Instructions to follow: If pictures appear among the lines below, leave them out while you return exactly the lines from the one with "14時半の駐車場。もう少し雪が欲しいですね。" through the one with "De acordo com".

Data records
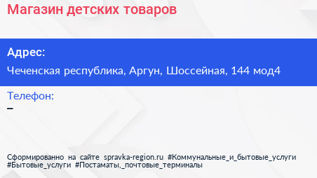 Магазин детских товаров по адресу Чеченская республика, Аргун, Шоссейная, 144 мод4 в дальнейшем Организация, размещена в следующих категориях:
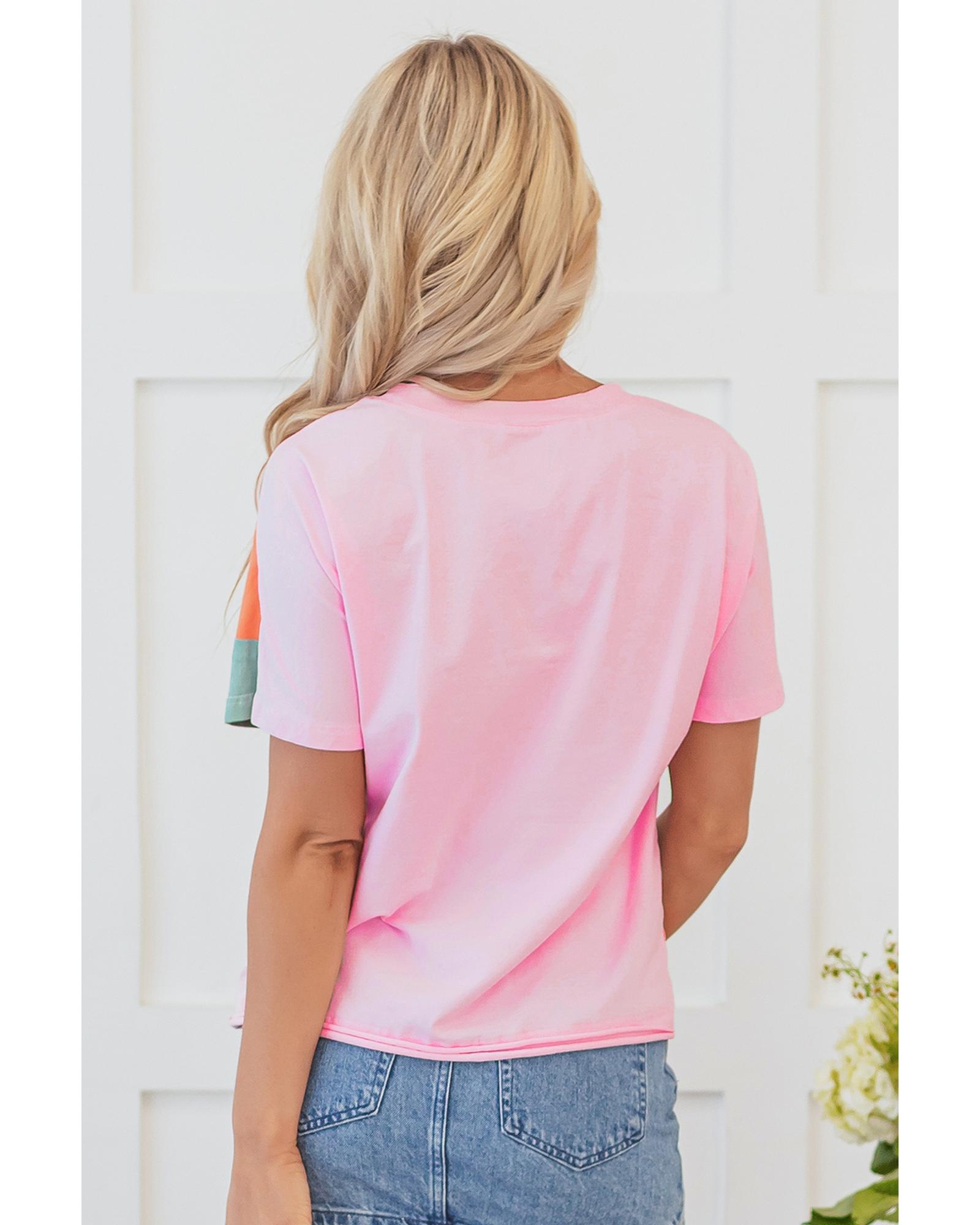 Pink Color Block Patchwork Seamed Crewneck T Shirt – L
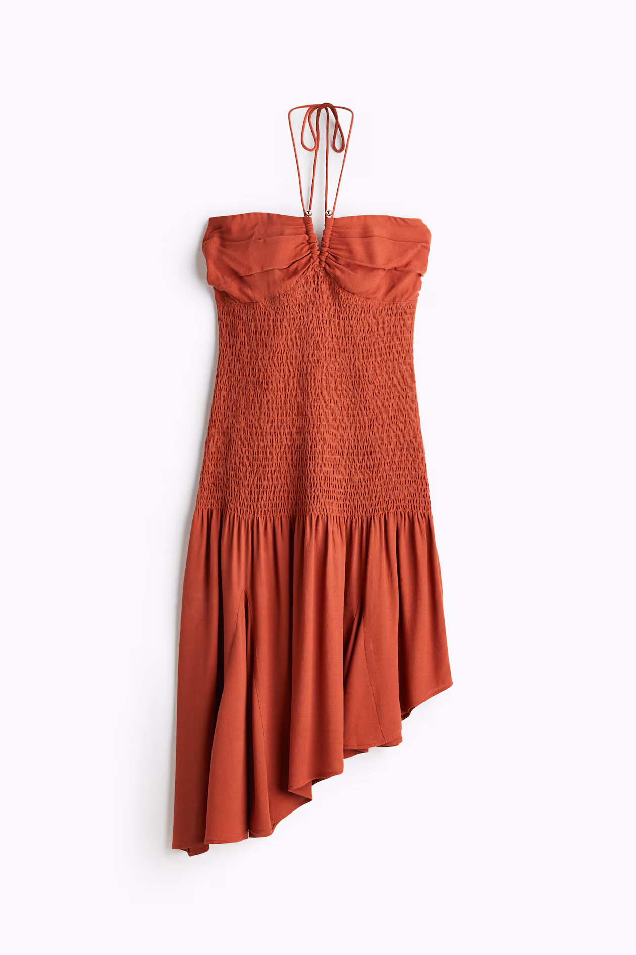 Fitted, knee-length dress in woven viscose crêpe. Narrow halterneck ties, sweetheart neckline with silicone trim inside upper edge, and V-shaped opening at center bust with gathers. Smocked torso, flared skirt with godet pleats, and an asymmetric hem. Unlined.
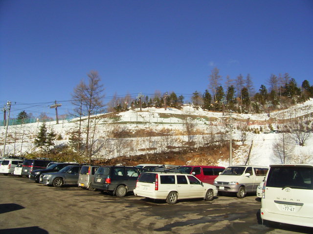 14時半の駐車場。もう少し雪が欲しいですね。
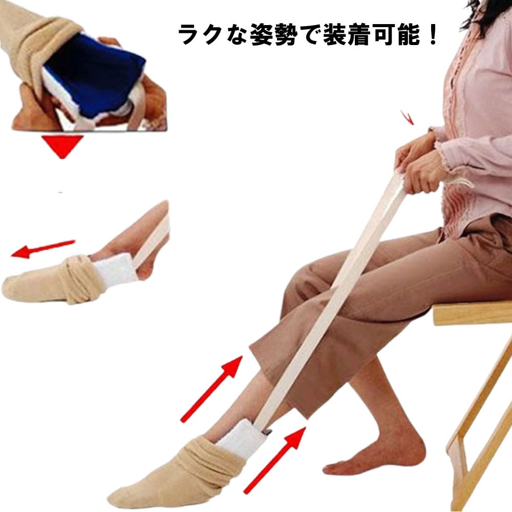 よく一緒に購入されている商品伸縮性靴べら 伸縮 靴ベラ 伸びる 1本 181,758円マニピュレーター マジックハンド つかみ棒 介1,998円■商品説明■ ソックスエイド 靴下エイド ソックススライダー 補助具 介護 リハビリ 訓練具 自助具 敬老の日 靴下 サポート自助具 介護用品 介護 ストッキング履き補助具 便利 妊婦 シニア 便利 グッズ 送料無料 ソックスエイド 靴下エイド ソックススライダー 補助具 介護 リハビリ 訓練具 自助具 敬老の日 靴下 サポート自助具 介護用品 介護 ストッキング履き補助具 便利 妊婦 シニア 便利 グッズソックスエイド。靴下を自分で履けない人の補助具、足もとまで手が届きにくい方が、靴下を履く時の自助具です。靴下エイドを使うと、自分一人で、履けるようになります。前かがみになることが困難な妊娠中の方、動きの制限がある方にもおすすめです。くつ下をセットしてスライドするだけです。内側はすべりの良い布、外側はすべりにくい布で覆われ、足の出し入れがスムーズです。※ウエストまであるタイプのストッキングにはお使いいただけません。シンプル設計で軽量コンパクトなので、持ち運びや収納に便利です。手洗いもできます。 類似商品はこちらボタン掛け ボタンエイド ボタン通し 自助具 1,398円手すり 介護 ベッド 起き上がり 布団 立ち上2,410円ギターレスト 吸盤 支持 具 ギター 支持具 2,118円マニピュレーター マジックハンド つかみ棒 介1,998円犬 介護 ハーネス 大型犬 歩行補助 介護用品1,998円~ボタンエイド ボタンフック 片手で簡単 ボタン1,310円介護 シャンプー 大人 用 便利 グッズ 寝た1,298円車 カーテン リア 運転席 後部座席 フロント1,010円スカリ 釣り ルアー ビク 釣網 ラインワイン688円新着商品はこちら2026/1/23Switch2 ケース TPU マット カバー1,580円2026/1/23コーナークリップ 5個セット 三角クリップ 書498円2026/1/23ブックバンド ペンケース ペンホルダー ゴムバ598円再販商品はこちら2026/1/23タブレット スマホホルダー 車 車載 カップ 2,480円2026/1/23Moto Razr 50 / Razr 2025,688円2026/1/23iPhone 16 Plus ガラスフィルム 1,275円2026/01/24 更新 ソックスエイド 靴下エイド ソックススライダー 補助具 介護 リハビリ 訓練具 自助具 敬老の日 靴下 サポート自助具 介護用品 介護 ストッキング履き補助具 便利 妊婦 シニア 便利 グッズ
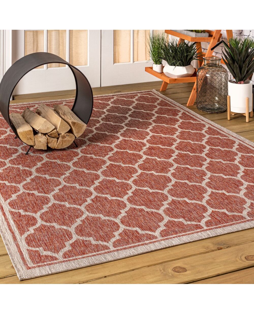 Our popular geometric design is inspired by Moroccan tile patterns. This classic rug adds eclectic style to an outdoor porch or patio. Mingled tones of deep brown with a beige ogee trellis pattern give this rug a hand-woven texture. The flatweave design is great for high-traffic spaces indoors too.
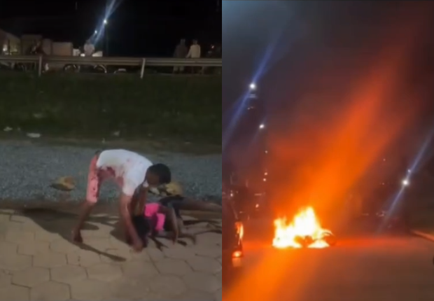 De acordo com informações que circulam nas redes sociais, o desentendimento teria começado dentro do estabelecimento após uma discussão envolvendo um casal. Durante a confusão, a motocicleta de um dos envolvidos acabou sendo incendiada.
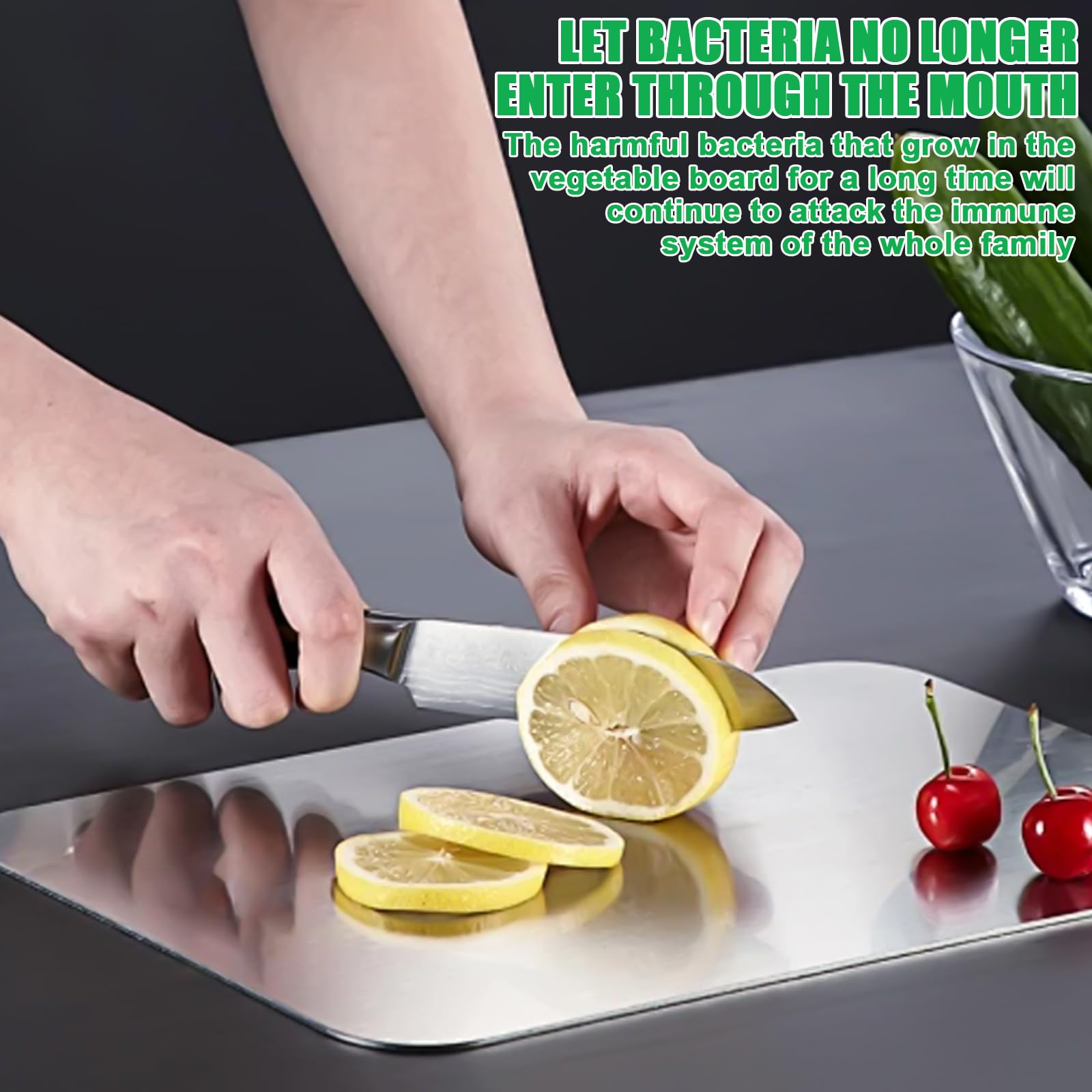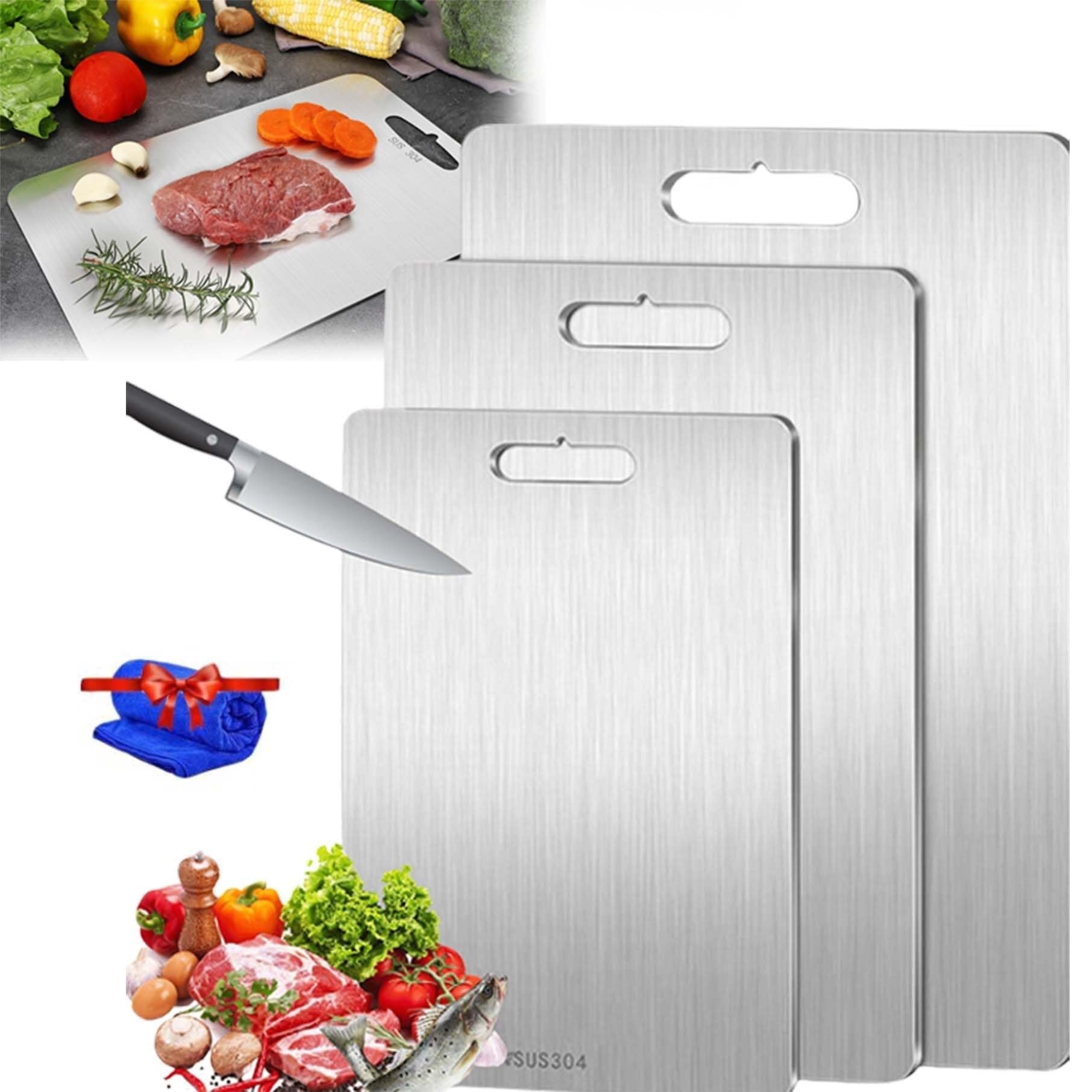 Titanium Cutting Board Acier Inoxydable 304, Planche de à Decouper Elles sont complètement exemptes de BPA et de produits chimiques nocifs, sans particules plastiques. Nettoyage Facile Accroche Murale Lot De 3 Planche à Découper En Titane,316 Planche De à Decouper En Acier Inoxydable, Titanium Cutting Board Double Face Pour Fruits, Viande, Fromage Et Légumes Planche à Découper Titane 🥑𝗗𝗘𝗦𝗜𝗚𝗡 𝗗𝗢𝗨𝗕𝗟𝗘 𝗙𝗔𝗖𝗘:Comparées aux planches à découper en plastique et en bois traditionnelles, les planches NATNAV privilégient la sécurité. Matériaux de Haute Qualité: Notre planche a decouper est fabriquée en acier inoxydable de haute qualité, solide et durable, difficile à corroder et à rouiller, et peut être réutilisée, est longue durée de vie, de sorte quelle peut facilement résister aux hachages et aux coupes difficiles Ces planches à découper en titane S316 sont vraiment révolutionnaires ! Le lot de 2 comprend une grande (34x23cm) et une petite (25x15cm) - parfait pour... 😀𝙋𝙊𝙐𝙍 𝙑𝙊𝙎 𝘽𝙀𝙎𝙊𝙄𝙉𝙎 𝙌𝙐𝙊𝙏𝙄𝘿𝙄𝙀𝙉𝙎:Vous recevrez une planche à découper de 34 x 23 cm + 25 x 15 cm, qui est non seulement le choix idéal pour la cuisine, mais aussi parfaite pour le camping, les fêtes et diverses occasions. Le design comprend un côté pour couper des fruits et des légumes et un autre côté pour couper de la viande, évitant ainsi efficacement la contamination croisée. Si vous avez des questions, n'hésitez pas à nous contacter, et nous vous répondrons dans les 24 heures. 🍽️𝙋𝙇𝘼𝙉𝘾𝙃𝘼 𝙀𝙉 𝙏𝙄𝙏𝘼𝙉𝙀:La planche à découper en titane NATNAV dispose d'une surface en titane optimisée qui offre une force et une durabilité incomparables. 🔪𝙋𝙍𝙊𝙏É𝙂𝙀𝙕 𝙑𝙊𝙎 𝘾𝙊𝙐𝙏𝙀𝘼𝙐𝙓 𝙀𝙏 𝙂𝘼𝙍𝘿𝙀𝙕-𝙇𝙀𝙎 𝘼𝙁𝙁Û𝙏É𝙎:Nos planches à découper en titane sont conçues pour protéger vos couteaux pendant l'utilisation, empêchant l'émoussement des lames par rapport à la pierre, au verre ou à l'acier. Planche à Découper en Titane

Response box:
 14時半の駐車場。もう少し雪が欲しいですね。
 よく一緒に購入されている商品伸縮性靴べら 伸縮 靴ベラ 伸びる 1本 181,758円マニピュレーター マジックハンド つかみ棒 介1,998円■商品説明■ ソックスエイド 靴下エイド ソックススライダー 補助具 介護 リハビリ 訓練具 自助具 敬老の日 靴下 サポート自助具 介護用品 介護 ストッキング履き補助具 便利 妊婦 シニア 便利 グッズ 送料無料 ソックスエイド 靴下エイド ソックススライダー 補助具 介護 リハビリ 訓練具 自助具 敬老の日 靴下 サポート自助具 介護用品 介護 ストッキング履き補助具 便利 妊婦 シニア 便利 グッズソックスエイド。靴下を自分で履けない人の補助具、足もとまで手が届きにくい方が、靴下を履く時の自助具です。靴下エイドを使うと、自分一人で、履けるようになります。前かがみになることが困難な妊娠中の方、動きの制限がある方にもおすすめです。くつ下をセットしてスライドするだけです。内側はすべりの良い布、外側はすべりにくい布で覆われ、足の出し入れがスムーズです。※ウエストまであるタイプのストッキングにはお使いいただけません。シンプル設計で軽量コンパクトなので、持ち運びや収納に便利です。手洗いもできます。 類似商品はこちらボタン掛け ボタンエイド ボタン通し 自助具 1,398円手すり 介護 ベッド 起き上がり 布団 立ち上2,410円ギターレスト 吸盤 支持 具 ギター 支持具 2,118円マニピュレーター マジックハンド つかみ棒 介1,998円犬 介護 ハーネス 大型犬 歩行補助 介護用品1,998円~ボタンエイド ボタンフック 片手で簡単 ボタン1,310円介護 シャンプー 大人 用 便利 グッズ 寝た1,298円車 カーテン リア 運転席 後部座席 フロント1,010円スカリ 釣り ルアー ビク 釣網 ラインワイン688円新着商品はこちら2026/1/23Switch2 ケース TPU マット カバー1,580円2026/1/23コーナークリップ 5個セット 三角クリップ 書498円2026/1/23ブックバンド ペンケース ペンホルダー ゴムバ598円再販商品はこちら2026/1/23タブレット スマホホルダー 車 車載 カップ 2,480円2026/1/23Moto Razr 50 / Razr 2025,688円2026/1/23iPhone 16 Plus ガラスフィルム 1,275円2026/01/24 更新 ソックスエイド 靴下エイド ソックススライダー 補助具 介護 リハビリ 訓練具 自助具 敬老の日 靴下 サポート自助具 介護用品 介護 ストッキング履き補助具 便利 妊婦 シニア 便利 グッズ
 Our popular geometric design is inspired by Moroccan tile patterns. This classic rug adds eclectic style to an outdoor porch or patio. Mingled tones of deep brown with a beige ogee trellis pattern give this rug a hand-woven texture. The flatweave design is great for high-traffic spaces indoors too.
 De acordo com informações que circulam nas redes sociais, o desentendimento teria começado dentro do estabelecimento após uma discussão envolvendo um casal. Durante a confusão, a motocicleta de um dos envolvidos acabou sendo incendiada.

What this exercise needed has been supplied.